Le prove di qualifica confermavano il pronostico, complice il solito Verstappen con la sua giusta penalizzazione (non rispettava le bandiere gialle dopo l’incidente occorso a Bottas ), spianando così la strada alle Rosse che partivano in coppia dalla prima fila.

Preceduti da una mossa al limite della correttezza di Vettel, chiusura palese su Hamilton, si arriva alla prima curva e, fra un tocca di qua e di là, alla fine si esce con Ferrari che rimane in testa con entrambi i piloti.

Ecco allora che, passati i giri di rito ciclico, comincia il valzer dei pit stop e qui Maranello commette il suo più grave errore, ossia quello di puntare sulle due soste, e monta a Leclerc ancora le gialle come in partenza ( sappiamo che il regolamento prescrive di usare almeno due mescole diverse nello corso della medesima gara ), mentre continua con le gialle Vettel che rimane a lungo in testa, mentre Mercedes ferma Hamilton preferendo la mescola dura ( bianca ) evidentemente con la speranza ( o certezza ? ) di arrivare sino alla fine.
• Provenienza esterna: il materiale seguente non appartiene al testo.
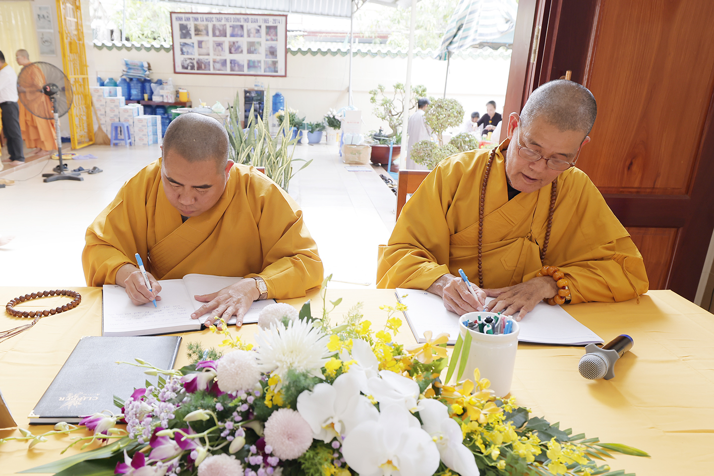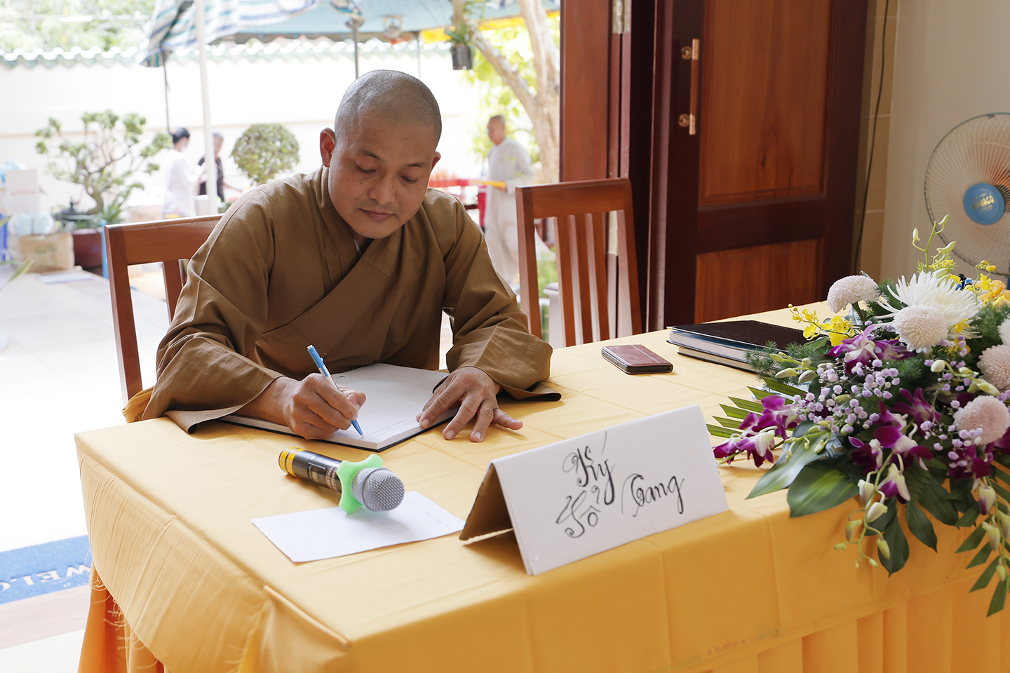 Với tấm chân tình cao cả ấy, phái đoàn hữu nhiễu kim quan cố Ni trưởng, sau đó đến bàn ký sổ tang, ghi lại đôi dòng lưu niệm tiễn biệt cố Ni trưởng Trụ trì Tịnh xá Ngọc Tháp.
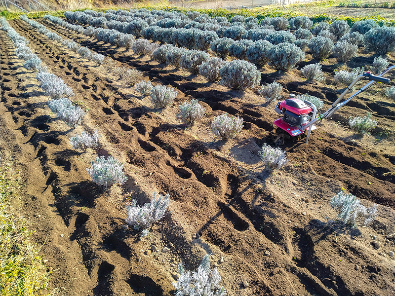 カルチベーターで畝間を中耕して、根回りに防寒対策の土寄せをしました。
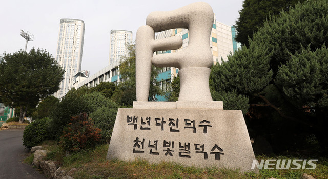 【서울=뉴시스】추상철 기자 = 9일 오전 분할 이전이 본격 추진되는 서울 성동구 덕수고등학교에는 '백년 다진 덕수', '천년 빛낼 덕수'라고 적힌 비석이 세워져 있다.

Vettel prosegue sino allo sfinimento delle gialle, mentre Leclerc consuma le sue prima del previsto: morale, alla fine dei pit stop si va a delineare un primo e terzo posto per Mercedes ed un secondo e quarto per Ferrari: il povero Leclerc dalle stelle alle stalle ringraziando la strategia di Maranello.

Verstappen, che tra l’altro aveva forato rientrando un secolo dopo gli altri, grazie ad una rimonta favolosa, si piazza sesto alle spalle di un ottimo compagno di scuderia Albon portando la terza forza del Campionato ( Red Bull ) a confermarsi tale.

Problemi tecnici per McLaren con entrambi i piloti ritirati, rimanendo per sua fortuna ancora in gara per essere la “prima degli altri”.

Arrivederci tra una settimana negli U.S.A. naturalmente attraversato il Rio Grande (o Rio Bravo alla messicana).